Один из стаи начал забывать себя. Не сразу. Сначала он перестал узнавать рычания и ворчания тел. Затем лица. Потом он забыл, что такое звук. В конце он забыл, что он тело. Он рисовал что-то про города, которых не было, про людей, которых не знал. Иногда он плакал, не понимая почему. Однажды он просто замер, глядя на свою ладонь, и заворчал. Никто не понял его боли. Он не умер. Просто исчез, не двигаясь.
Одна из стаи потеряла вкус. Она перестала различать горькое и сладкое. Потом стала есть всё подряд: песок, камни, собственную кожу. Она объясняла, что теперь знает, как на самом деле пахнет мир — что мясо пахнет водой, что кости — как ветер, что кровь — как звёзды. Её рот покрылся язвами, зубы начали выпадать. Последними ушли глаза. Но она продолжала идти, шевеля обрубком языка, шепча, что теперь она знает вкус правды.
Один из стаи вдруг начал видеть не то, что есть, а то, что было или будет. Он писал, что видел, как Ы умрёт. Он показывал пальцем на места, где потом находили тела. Он плакал, когда указывал на Э, и говорил, что тот ещё жив — хотя тот был мёртв. Другие его побоялись. Они не хотели знать будущее. Особенно если оно неизбежно. Однажды он просто закрыл глаза и прописал: «Всё кончилось. Я больше ничего не вижу». И не открыл их никогда.

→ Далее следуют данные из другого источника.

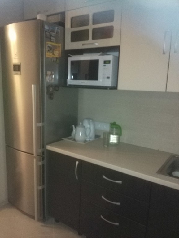 Еще не все мебель установили, т.к покупаем все по немного, стену между кухней и большой комнатой снесли. Дверцы нижние покупали в кастораме по распродаже, оливкового цвета, у нас еще в леруа продавали по 300 рублей нижние шкафы без дверц, верхний ярус весь на заказ, шкаф под холодильник в икеи брали по распродаже, верхние дверцы для холодильника тоже под заказ. "Холодильник" под окном разобрали, и провели воду и слив под окно, слив под большим углом, поэтому все нормально сливается.

Один из стаи стал странно реагировать на солнце. Его кожа начинала светиться под определёнными углами. Потом он рассказывал, что видит картины — не свои, не чужие, а чьи-то древние. Он говорил, что это воспоминания мира, записанные в свете. Однажды ночью он попросил всех собраться вокруг него. Сказал, что сейчас покажет им всё. Его лицо стало белым, как бумага. Из глаз, рта и ушей потекло что-то прозрачное. А потом он заговорил — голосом, который принадлежал всем сразу. После этого он не двигался. Только кожа продолжала светиться. Кто-то попробовал прикоснуться к нему. Рука осталась слепой.
Один из стаи начал забывать, как быть телом. Он перестал говорить, потом ходить, потом держать голову прямо. Он ползал, как животное, вырывал куски плоти у мёртвых, хранил их за щеками. Потом он перестал различать живое и мёртвое. Однажды он набросился на самого себя, пытаясь съесть собственную руку. Когда его остановили, он смотрел на них пустыми глазами. Он не умер. Просто перестал быть собой.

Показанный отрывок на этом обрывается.